You Can't Make It Up: Rose Morris
in Conversation with Yasuko Thanh

Yasuko Thanh

Malahat Review volunteer Rose Morris talks with Constance Rooke Creative Nonfiction Prize judge Yasuko Thanh about research vs. travel, music vs. writing, and what it means to judge the Constance Rooke CNF prize.


Yasuko Thanh is the winner of the 2009 Journey Prize. Her short story collection Floating like the Dead (M&S, 2012) was shortlisted for the Ethel Wilson BC Book Prize, the Danuta Gleed Literary Award, and was chosen as a Quill & Quire Best Books of 2012. Her second book, the novel Mysterious Fragrance of the Yellow Mountains, won the 2016 Rogers Writers Trust Prize and shortlisted for the Amazon First Novel Award. She holds an MFA from UVic and lives with her two children in Victoria, British Columbia. Her best-selling memoir called Mistakes to Run With was published by Penguin Random House in April 2019.

Click here for details on entering the Constance Rooke CNF contest.

What are you looking for in a winning submission for the Constance Rooke Creative Nonfiction prize?
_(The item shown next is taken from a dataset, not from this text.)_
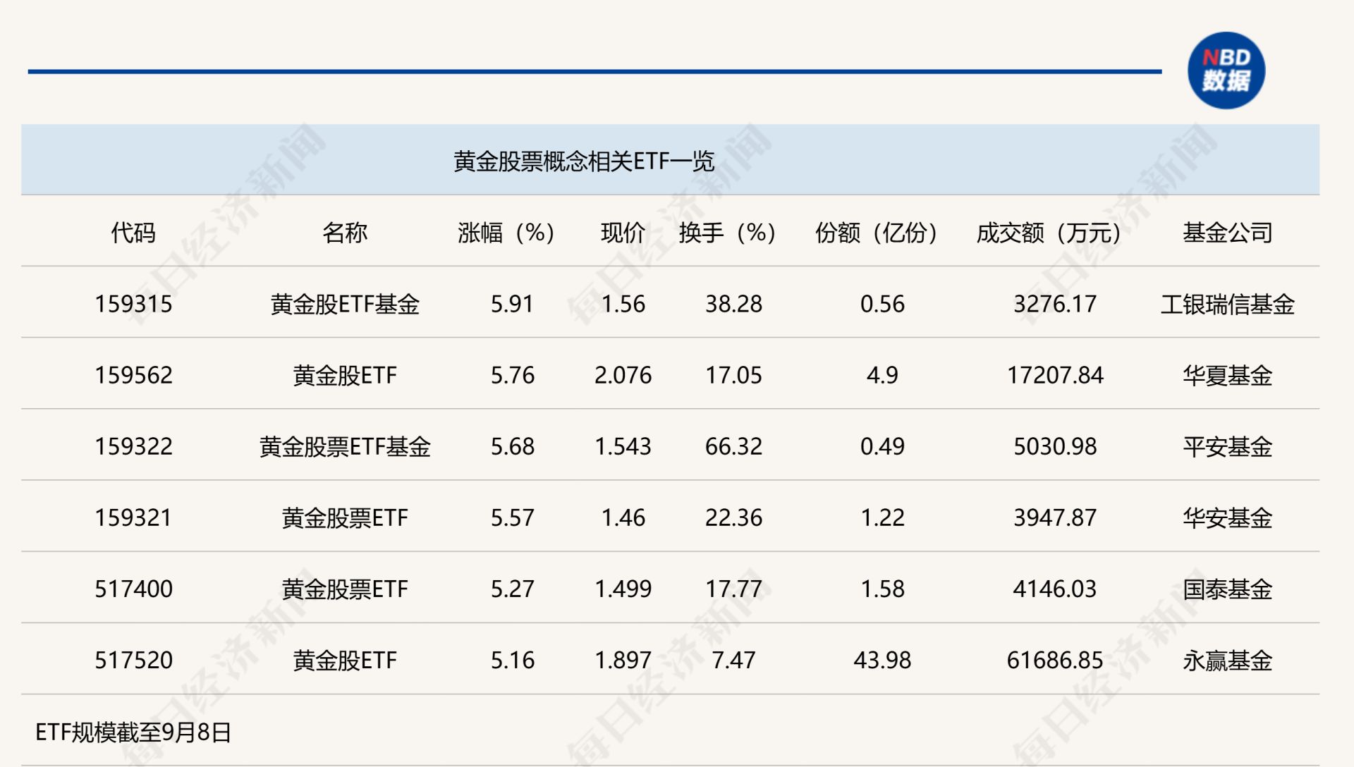 今日上午,证券行业ETF交投活跃,多只证券ETF成交量巨大。同时,黄金股概念ETF涨幅居前,6只相关ETF半日涨幅超5%,主要受美国就业数据疲软及通胀预期影响,市场对美联储9月降息信心增强,金价获提振。其中,黄金股ETF(517520)半日成交金额高达6.17亿元,追踪的是发布于2017年的中证沪深港黄金产业股票指数。

What am I looking for? A story with a heartbeat, the ring of truth; to be surprised on every page with turn of phrase, or metaphor, or image so apt it’s breathtaking. Insight. A climactic “punchline” in the sense that its timing is perfectly paced and creates a resolution as inevitable as unexpected.

What does being asked to judge the Constance Rooke Creative Nonfiction prize mean to you?

Maybe that I’ve arrived at a place I can trust my own writing voice more. To avoid second-guessing a choice to take a work in one direction over another is hard. Especially when the invisible editor on a writer’s shoulder is constantly saying, “Yes, but do you realise if you follow this path, you initiate the closure of a thousand others?”

In addition to being a writer, you are in the punk band 12 Gauge Facial. How does your music influence your literary writing and vice versa?

Music has a rhythm and prose has a rhythm. Emotion, especially, carries its own rhythm, in a song or in a story. I’m aware of how airy-fairy it sounds, but the closer I come to feeling the work – in the body, now – the closer I am to capturing and conveying that emotion to an audience.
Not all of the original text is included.